▸ **TASK TO COMPLETE**
Repeat only the lines below that run from the line with "В прыжках в" to the line with "For many years, Privacy", ends included; skip every picture.

▸ **ENTRIES SUPPLIED**
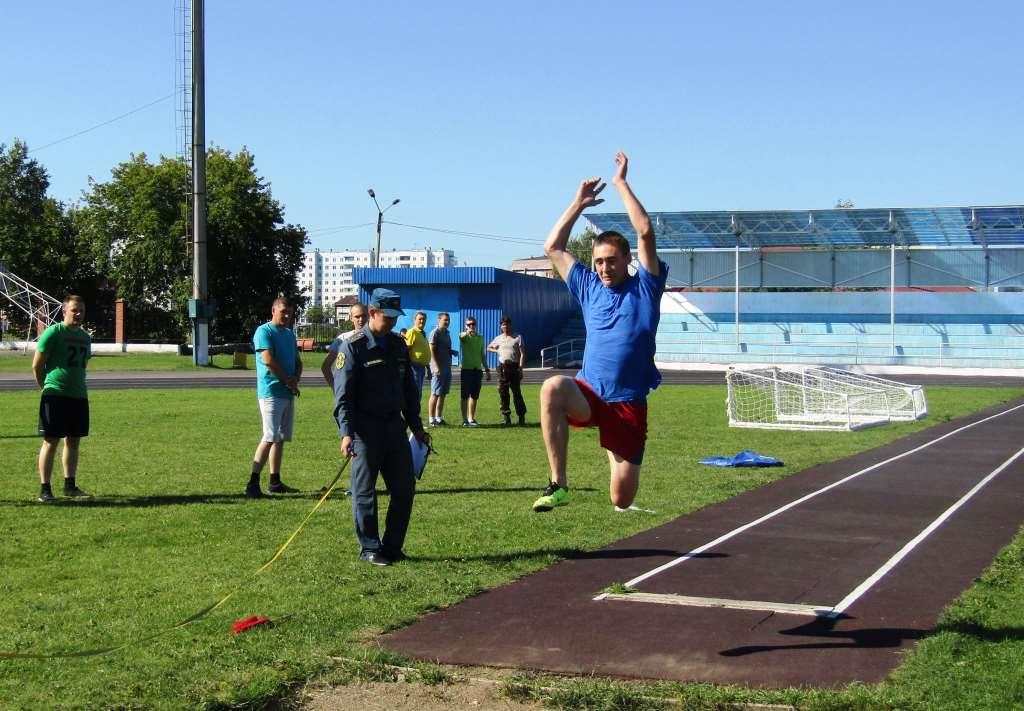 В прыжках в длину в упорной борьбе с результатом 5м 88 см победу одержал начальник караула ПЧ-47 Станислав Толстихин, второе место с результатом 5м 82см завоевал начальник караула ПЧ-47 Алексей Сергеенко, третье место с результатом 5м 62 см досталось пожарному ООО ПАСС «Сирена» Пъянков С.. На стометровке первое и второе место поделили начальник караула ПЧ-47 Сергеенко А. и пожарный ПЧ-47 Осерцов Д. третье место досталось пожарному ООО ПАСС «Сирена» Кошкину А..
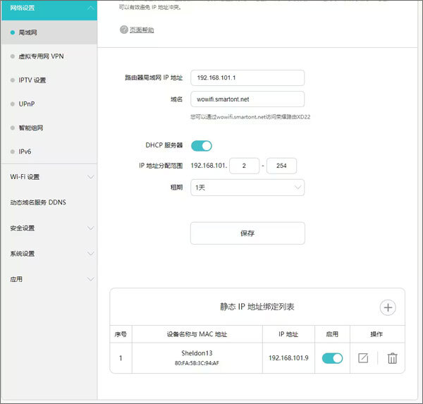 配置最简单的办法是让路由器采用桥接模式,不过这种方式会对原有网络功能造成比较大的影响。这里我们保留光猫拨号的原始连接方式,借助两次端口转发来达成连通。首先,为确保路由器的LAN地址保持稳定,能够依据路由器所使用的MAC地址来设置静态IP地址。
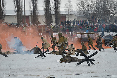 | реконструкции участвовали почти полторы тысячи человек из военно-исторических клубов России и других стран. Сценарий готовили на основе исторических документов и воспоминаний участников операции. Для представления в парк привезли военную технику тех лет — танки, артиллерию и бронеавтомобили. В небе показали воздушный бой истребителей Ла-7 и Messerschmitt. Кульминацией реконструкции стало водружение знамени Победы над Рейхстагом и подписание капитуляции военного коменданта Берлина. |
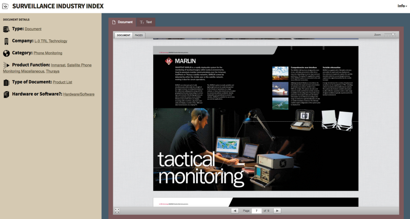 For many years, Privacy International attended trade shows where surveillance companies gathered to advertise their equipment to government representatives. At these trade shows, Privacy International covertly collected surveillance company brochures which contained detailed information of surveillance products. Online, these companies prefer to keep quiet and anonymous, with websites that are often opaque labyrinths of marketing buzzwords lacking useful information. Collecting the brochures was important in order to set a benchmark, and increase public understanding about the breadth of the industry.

---

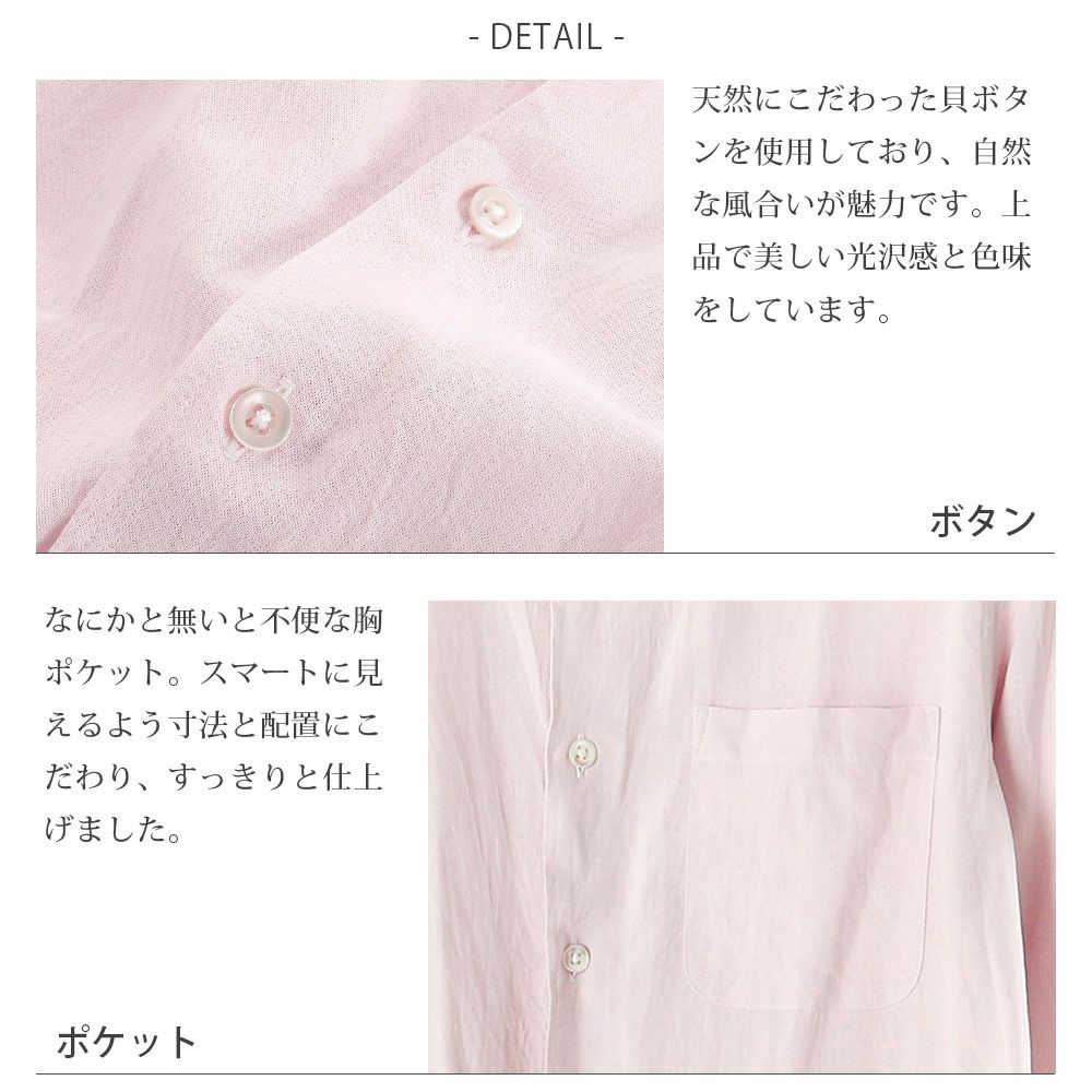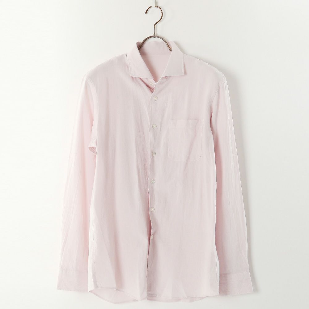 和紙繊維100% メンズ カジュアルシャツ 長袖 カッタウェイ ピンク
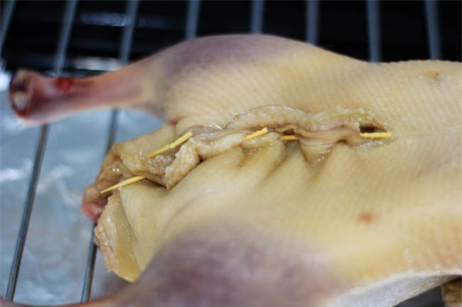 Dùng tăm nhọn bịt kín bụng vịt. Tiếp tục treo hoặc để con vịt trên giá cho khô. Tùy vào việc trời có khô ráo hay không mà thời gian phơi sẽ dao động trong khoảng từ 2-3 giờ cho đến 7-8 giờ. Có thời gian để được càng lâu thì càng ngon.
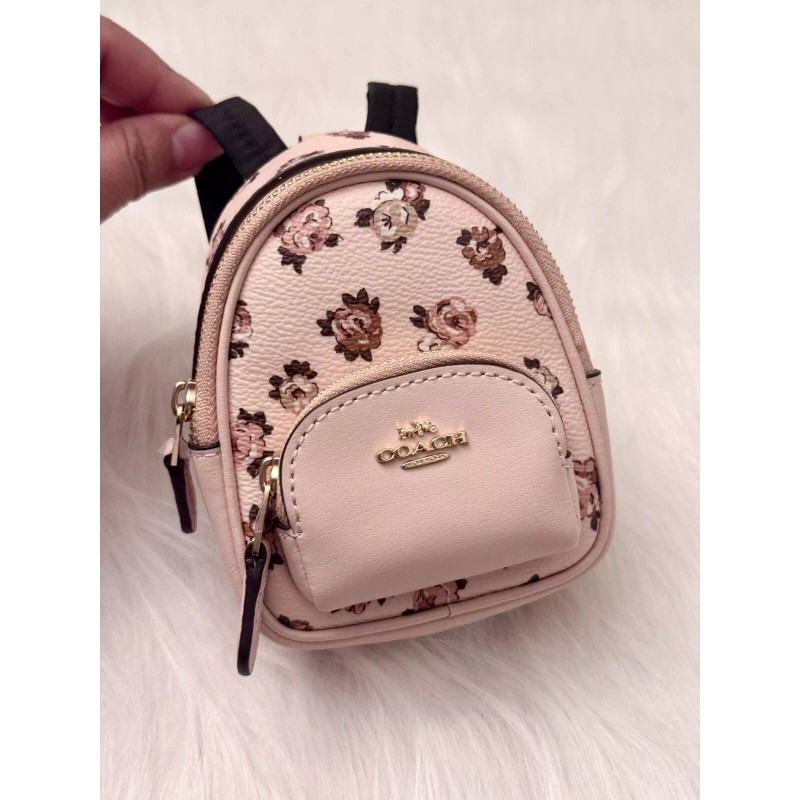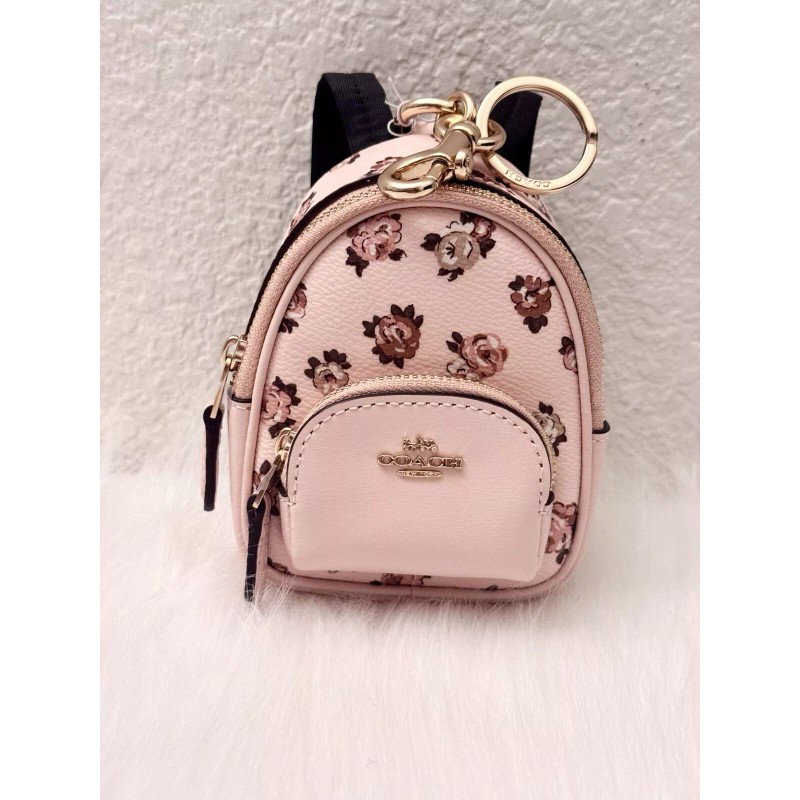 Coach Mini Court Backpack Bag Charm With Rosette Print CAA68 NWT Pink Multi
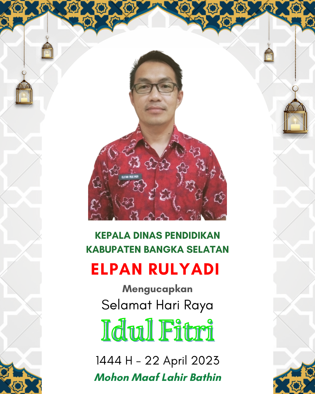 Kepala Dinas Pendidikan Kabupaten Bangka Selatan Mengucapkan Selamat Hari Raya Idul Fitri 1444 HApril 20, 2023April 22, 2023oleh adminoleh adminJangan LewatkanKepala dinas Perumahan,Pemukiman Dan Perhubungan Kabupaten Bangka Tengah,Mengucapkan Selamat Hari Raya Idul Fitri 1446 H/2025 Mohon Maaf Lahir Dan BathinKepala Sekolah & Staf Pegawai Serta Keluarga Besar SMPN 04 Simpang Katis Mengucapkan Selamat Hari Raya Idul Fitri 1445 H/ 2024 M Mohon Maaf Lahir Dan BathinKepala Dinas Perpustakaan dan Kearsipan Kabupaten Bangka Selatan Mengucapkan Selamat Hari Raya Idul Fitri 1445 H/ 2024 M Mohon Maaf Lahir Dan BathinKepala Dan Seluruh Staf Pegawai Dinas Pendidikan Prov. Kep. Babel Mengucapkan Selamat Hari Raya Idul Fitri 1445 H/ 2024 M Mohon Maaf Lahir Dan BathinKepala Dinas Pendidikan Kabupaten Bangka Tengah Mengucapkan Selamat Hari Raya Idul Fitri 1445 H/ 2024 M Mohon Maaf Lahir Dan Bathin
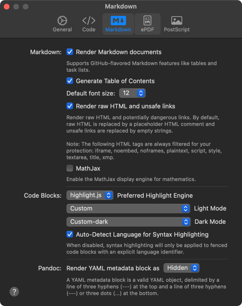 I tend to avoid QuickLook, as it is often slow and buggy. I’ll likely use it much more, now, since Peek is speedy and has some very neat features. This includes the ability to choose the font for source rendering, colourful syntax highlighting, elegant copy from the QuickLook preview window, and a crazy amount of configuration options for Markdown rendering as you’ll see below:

▸ **TASK RESPONSE**
 В прыжках в длину в упорной борьбе с результатом 5м 88 см победу одержал начальник караула ПЧ-47 Станислав Толстихин, второе место с результатом 5м 82см завоевал начальник караула ПЧ-47 Алексей Сергеенко, третье место с результатом 5м 62 см досталось пожарному ООО ПАСС «Сирена» Пъянков С.. На стометровке первое и второе место поделили начальник караула ПЧ-47 Сергеенко А. и пожарный ПЧ-47 Осерцов Д. третье место досталось пожарному ООО ПАСС «Сирена» Кошкину А..
 配置最简单的办法是让路由器采用桥接模式,不过这种方式会对原有网络功能造成比较大的影响。这里我们保留光猫拨号的原始连接方式,借助两次端口转发来达成连通。首先,为确保路由器的LAN地址保持稳定,能够依据路由器所使用的MAC地址来设置静态IP地址。
 | реконструкции участвовали почти полторы тысячи человек из военно-исторических клубов России и других стран. Сценарий готовили на основе исторических документов и воспоминаний участников операции. Для представления в парк привезли военную технику тех лет — танки, артиллерию и бронеавтомобили. В небе показали воздушный бой истребителей Ла-7 и Messerschmitt. Кульминацией реконструкции стало водружение знамени Победы над Рейхстагом и подписание капитуляции военного коменданта Берлина. |
 For many years, Privacy International attended trade shows where surveillance companies gathered to advertise their equipment to government representatives. At these trade shows, Privacy International covertly collected surveillance company brochures which contained detailed information of surveillance products. Online, these companies prefer to keep quiet and anonymous, with websites that are often opaque labyrinths of marketing buzzwords lacking useful information. Collecting the brochures was important in order to set a benchmark, and increase public understanding about the breadth of the industry.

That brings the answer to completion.